Question

The absolute pressure in water at a depth of 5m is read to be 145 kPa. Determine (a) the local atmospheric pressure, and (b) the absolute pressure at a depth of 5 m in a liquid whose specific gravity if 0.85 at the same location. (density of water is 1000 kg/m3)

Answer 1

Answer:

a) 95950 pascals

b) 137642.5 pascals

Explanation:

The absolute pressure (Pabs) on a fluid is:

$P_{abs}=P_{gauge}+P_{atm}$ (1)

With Pgauge the pressure due depth on the fluid and Patm the atmospheric pressure. Pgauge is equal to:

$P_{gauge}=\rho gh$ (2)

with ρ the fluid density, g the gravitational acceleration and h the depth on the fluid.

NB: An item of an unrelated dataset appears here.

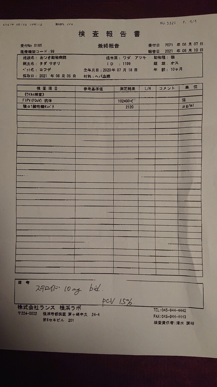 先生が他の数値も気になるのと言うのでFIP(猫伝染性腹膜炎)の検査を依頼。

Using (2) on (1) and solving for Patm:

$P_{atm}=P_{abs}-P_{gauge}=P_{abs}-\rho_{water} gh$

$P_{atm}=(145000Pa)-(1000\frac{kg}{m^{3}})(9.81\frac{m}{s^{2}})(5m)$

$P_{atm}=95950Pa$

b) Here we're going to use again (1) but now we have another value of density because it's other liquid, to know that value we should use the fact that specific gravity (S.G) for liquids is the ratio between fluid density and water density:

$S.G=\frac{\rho_{fluid}}{\rho_{water}}$

$\rho_{liquid}=S.G*\rho_{water}$

$\rho_{liquid}=(0.85)*(1000\frac{kg}{m^{3}})=850\frac{kg}{m^{3}}$

so:

$P_{abs}=\rho_{liquid} gh+P_{atm}=(850\frac{kg}{m^{3}})(9.81\frac{m}{s})(5m)+95950Pa$

$P_{abs}=137642.5 Pa$